┌──

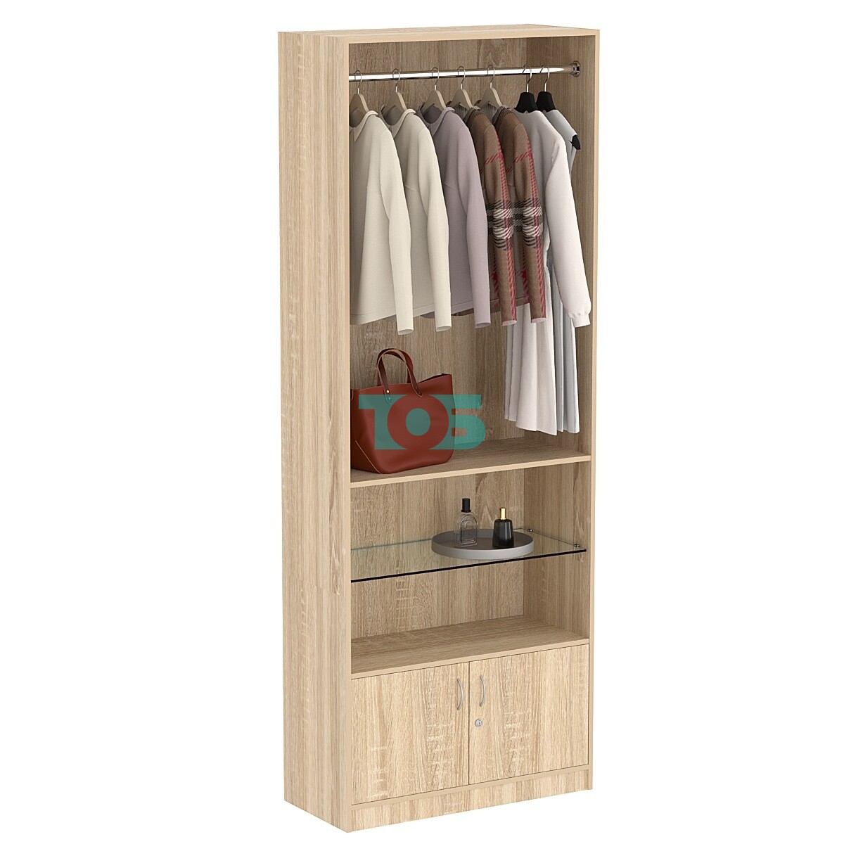 Полки: одна полка из ДСП толщиной 16 мм и одна полка из прозрачного стекла толщиной 8 мм предназначены для накопления размерного ряда товара, что позволяет удобно организовать хранение.
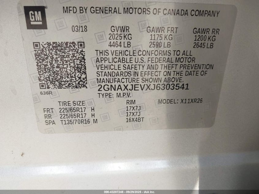 2018 CHEVROLET EQUINOX 2018 року Бензин, 1.5, Передній привід, vin - 2GNAXJEVXJ6303541 з США
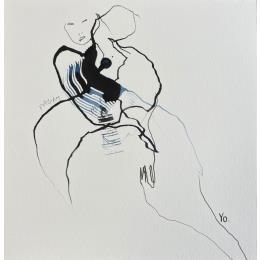 L'artiste a utilisé différentes techniques pour créer cette peinture petit format sur Papier de style Figuratif sur les thèmes Nu, Noir & blanc, Minimaliste.
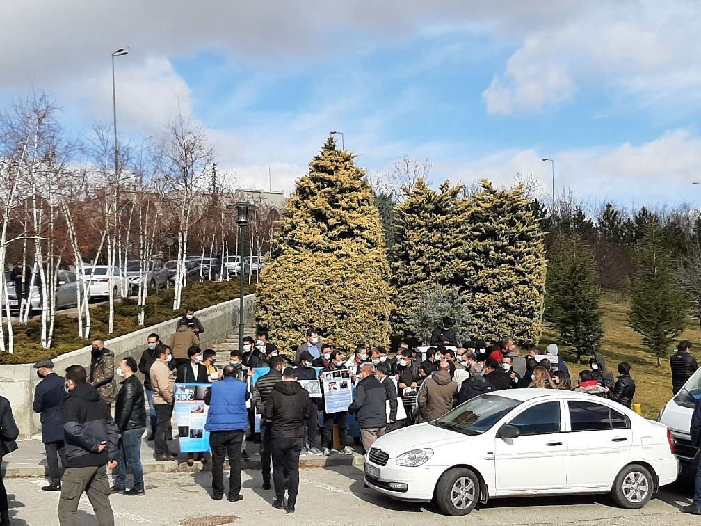 Çin’in sistematik baskı ve asimilasyon politikalarına maruz kalan toplama kampı mağduru Doğu Türkistanlılar, Çin’in Ankara Büyükelçiliği önündeki eylemlerine devam ediyor. Büyükelçilik önünde 3 Şubat 2021 tarihinde başlayan eylemin 7. gününde, izin alınmadığı gerekçesiyle polis tarafından engellendiği öğrenildi.
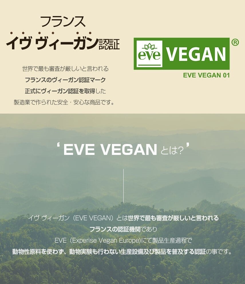 「EVE VEGAN」は世界的にも認められているフランスの認証機関であるEVE(Expertise Vegan Europe)で製品の生産過程で動物性原料を使用せず動物実験をしない生産設備や製品に付与する認証です。
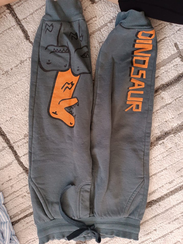Gri dinozor baskılı erkek çocuk eşofmanı. Rahat sokak giyimi için yumuşak ve sıcak kumaştan üretilmiştir.
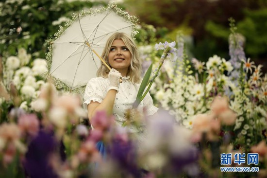 這是5月21日在英國倫敦切爾西花展上拍攝的一名模特。新華社發(fā)(蒂姆·愛爾蘭 攝)
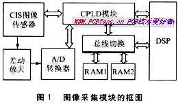CPLD是图像采集的核心部分,它直接控制CIS图像传感器和A/D转换器,完成数字图像数据采集、转换和存储,以及与DSP处理器的握手协调。

└──

▸ WHAT THE TASK ASKS:
Set the lines above down again, word for word, from the first through the one containing "Çin’in sistematik baskı"; pictures excluded.

▸ WRITTEN ANSWER:
 Полки: одна полка из ДСП толщиной 16 мм и одна полка из прозрачного стекла толщиной 8 мм предназначены для накопления размерного ряда товара, что позволяет удобно организовать хранение.
 2018 CHEVROLET EQUINOX 2018 року Бензин, 1.5, Передній привід, vin - 2GNAXJEVXJ6303541 з США
 L'artiste a utilisé différentes techniques pour créer cette peinture petit format sur Papier de style Figuratif sur les thèmes Nu, Noir & blanc, Minimaliste.
 Çin’in sistematik baskı ve asimilasyon politikalarına maruz kalan toplama kampı mağduru Doğu Türkistanlılar, Çin’in Ankara Büyükelçiliği önündeki eylemlerine devam ediyor. Büyükelçilik önünde 3 Şubat 2021 tarihinde başlayan eylemin 7. gününde, izin alınmadığı gerekçesiyle polis tarafından engellendiği öğrenildi.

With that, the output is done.